With early diagnosis and antibiotics, most people will make a full recovery. But around one in ten people infected will die and up to a quarter will have significant after effects, such as hearing loss, amputation, epilepsy or learning difficulties.

The new MenB vaccine

Until recently, there was no vaccine against MenB. But in September 2015, the UK was the first country in the world to introduce a new MenB vaccine – Bexsero, produced by GlaxoSmithKline – into the routine NHS childhood immunisation programme. It involves three injections, given to babies at age two months, four months and 12 months of age, which are expected to protect children until around the age of four. However, there are lots of other bacteria and viruses which can cause meningitis, and some strains of MenB are not covered by the vaccine, so this vaccine would not be able to wipe out meningitis completely.

Are there any risks from the vaccine?

Like all vaccines, the MenB vaccine can cause side effects. It has been given to over 8,000 people in clinical trials and around 1m doses have been given since it was licensed with no concerns about its safety. It is more likely to cause a fever in babies than other vaccines, and so the recommendation in the UK is that paracetamol is given at the same time. Pain at the injection site is common in older children and adults.

How did the government decide who to vaccinate?

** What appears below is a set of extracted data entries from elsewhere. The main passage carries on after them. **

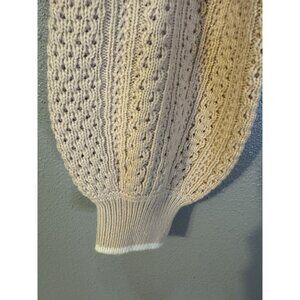 This pretty sweater is from Mable in a misses size small. Pale pink with cream trim. Made of acrylic and nylon in a rich cable knit. Hand washable Pullover style.
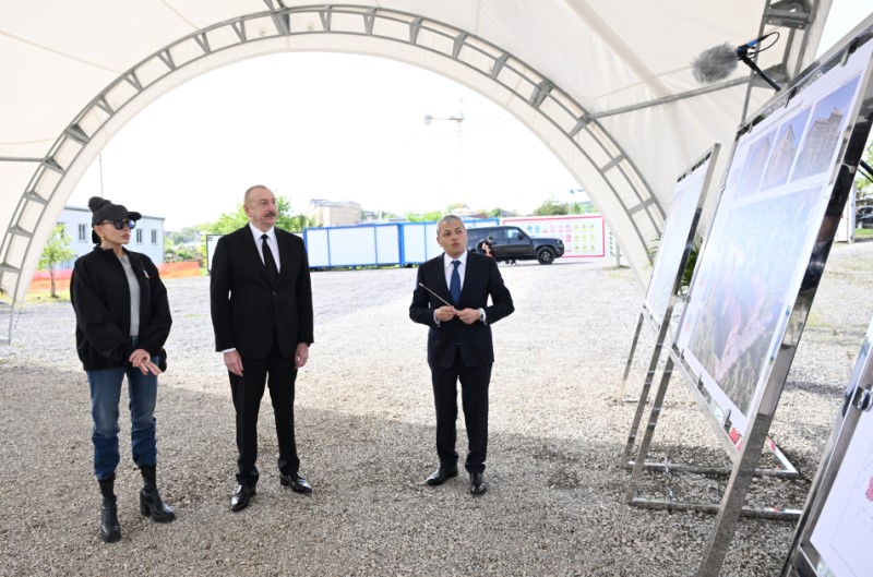 Azərbaycan Respublikasının Prezidenti İlham Əliyev və birinci xanım Mehriban Əliyeva Şuşada inşa ediləcək üçüncü yaşayış kompleksinin təməlqoyma mərasimində iştirak ediblər.
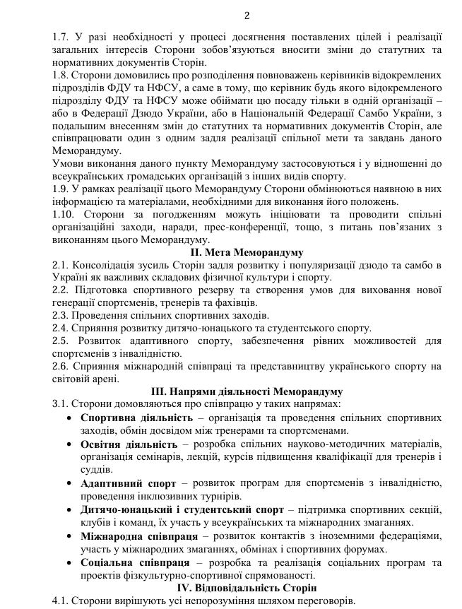 Cторони також підписали додаткову угоду — «Положення про формування складу національних збірних команд України з видів спорту дзюдо та самбо».
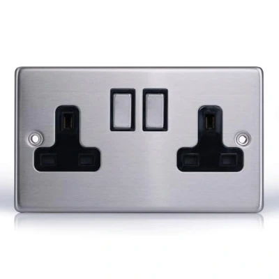 Status stainless steel quality with dual socket design Status delivers reliability and sleek style with this double switched wall socket, built from brushed stainless steel for durability and a clean, modern look. Its strong faceplate resists scratches, marks and daily wear, ideal for busy homes, offices or kitchens. Twin 13 amp outputs for high-demand use This 2 gang socket offers dual 13 amp ports, providing reliable power for multiple devices at once. Suitable for powering appliances, chargers, televisions or home office gear, it ensures safe, stable energy flow in both domestic and commercial environments. Dual independent switches for flexible control Each socket includes its own rocker switch, allowing independent control over connected electronics. The switches offer a precise, tactile response, making it easy to manage energy use while enhancing safety and convenience in any room. Screw through fitting for sturdy, easy wall mounting Fitted with screw through fixings, this wall socket offers quick, secure installation on plasterboard, wood or masonry. Its flush-fit finish creates a professional appearance that blends into any interior without protrusion or visible fixings. Modern brushed finish with sleek symmetrical styling Designed with a brushed steel faceplate and clean lines, this double gang socket complements contemporary spaces with ease. The symmetrical layout offers a balanced look, making it a stylish yet functional upgrade over traditional plastic fittings.

For vaccines, the government is advised by an independent scientific group, the Joint Committee on Vaccines and Immunisation (JCVI). They recommend which immunisations should be given and to which people (children and adults) based on who is most likely to have the disease and how effective the vaccine is. They also have to consider how cost-effective vaccines are before they can make a recommendation. JCVI can only recommend use of a vaccine that is cost-effective according to rules that are set out in guidance from NICE, which advises on evidence-based care. This analysis is undertaken to ensure that health is valued in the same way across the NHS.

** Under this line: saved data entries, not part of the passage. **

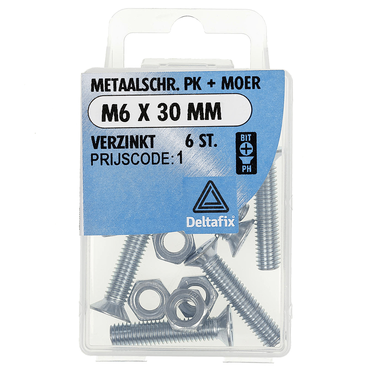 METAALSCHROEF PK + MOER VZ M6 X 30 MM DIN 965 /DIN 934 6ST
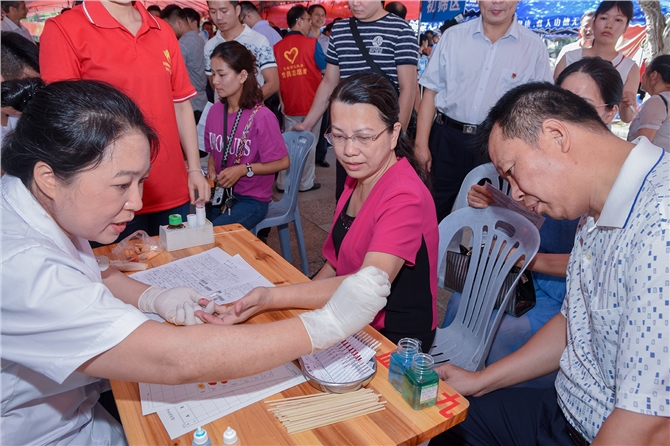 当天气温达35度,300多名党员干部顶烈日冒酷暑踊跃参加无偿献血。在献血过程中,党员干部积极带头,做好了表率。市卫计局黄立红局长带头献血,在黄局长的带领下,市卫计局副调研员黄绵及李英、张丹、张聘权、邱巧萍、宁凌峰、黄智等13名党员干部参加献血。市烟草局李金泉副局长带领8名党员干部参加献血。献血队伍中我们又见到熟悉的身影,市财政局献血“老司机”吴伟东,他已54次献血,献血总量达2.85万毫升,曾获得国家、省无偿献血奉献奖金奖。市直工委洪卡明科长第12次献血,累计献血量3000毫升。
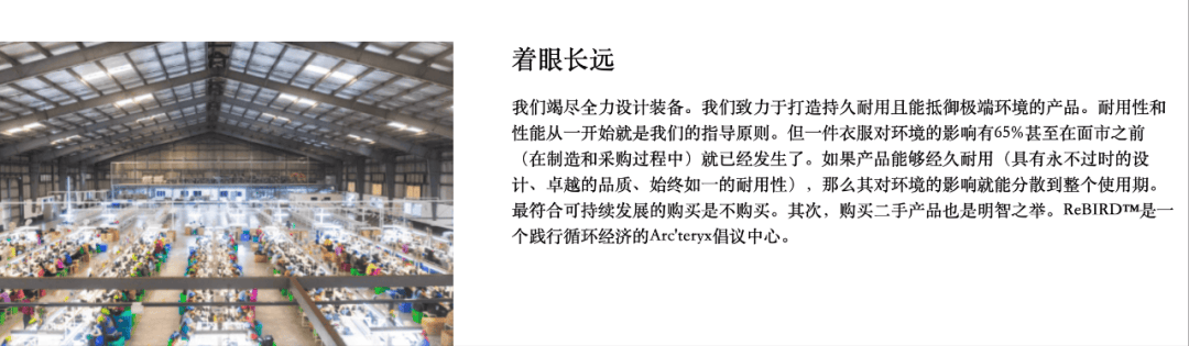 秉承与自然和谐共生的可持续理念,在很多服装品牌以及网络平台探索的减碳方案是旧衣回收时,始祖鸟将目光投向循环模式,于2021年推出了ReBIRD™可持续计划。该计划通过升级改造、回收利用和维修养护等方式,优化传统生产工艺流程,试图打破“原料-制造-使用-废弃”线性模式,转向一个无限循环的新模式。这一创新性可持续计划不仅为始祖鸟赢得了多个奖项,也获得了消费者的认可与好评。

There were 418 laboratory confirmed cases of MenB in the UK between July 2014 and June 2015, although this will be an underestimate because many cases are not “laboratory confirmed”. The highest rates of disease are in children under one, and the second highest in children between one and four-years-old. Around 24% of the 418 cases in 2014/15 were in the first age group, and 33% in the second.

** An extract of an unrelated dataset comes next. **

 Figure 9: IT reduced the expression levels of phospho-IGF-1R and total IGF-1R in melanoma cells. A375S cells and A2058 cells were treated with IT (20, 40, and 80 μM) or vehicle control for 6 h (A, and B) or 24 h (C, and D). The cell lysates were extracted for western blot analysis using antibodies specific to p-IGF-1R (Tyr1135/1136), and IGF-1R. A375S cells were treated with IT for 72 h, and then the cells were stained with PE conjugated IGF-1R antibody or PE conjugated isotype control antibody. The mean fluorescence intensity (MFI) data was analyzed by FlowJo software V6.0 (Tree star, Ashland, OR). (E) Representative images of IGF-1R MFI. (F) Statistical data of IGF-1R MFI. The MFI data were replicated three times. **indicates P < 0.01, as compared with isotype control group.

Immunisation of children under the age of one just meets the NICE cost-effectiveness criteria but extending this to “catch up” children to the age four was found unlikely to be cost-effective in the analysis.

The current immunisation programme therefore includes vaccination of children under the age of one (and born after May 1 2015) and a booster dose at 12 months to protect toddlers until the age of four when the disease is then considered rare.

Will the recommendations change?

JCVI will continue to review the impact of the programme since the UK is the first country in the world to use the vaccine routinely and plans to re-evaluate use in other age groups as new evidence emerges.

JCVI have specifically asked for more research on vaccinating teenagers – this age group is most likely to have the bacteria in the throat (usually not causing any symptoms at all). If vaccinating them gets rid of the bacteria in the throat it will not only protect them, but indirectly protect other people as it would prevent the bacteria being spread. This is one of the reasons why other vaccines against meningococcus have been so effective, but we do not know if this will happen with the MenB vaccine.

Some parents consider going private to get the vaccine, a strategy that may be on the rise. However the cost of this for many will be prohibitive. There is also a reported shortage of the vaccine – although health officials have said this will not affect those receiving the vaccine on the NHS.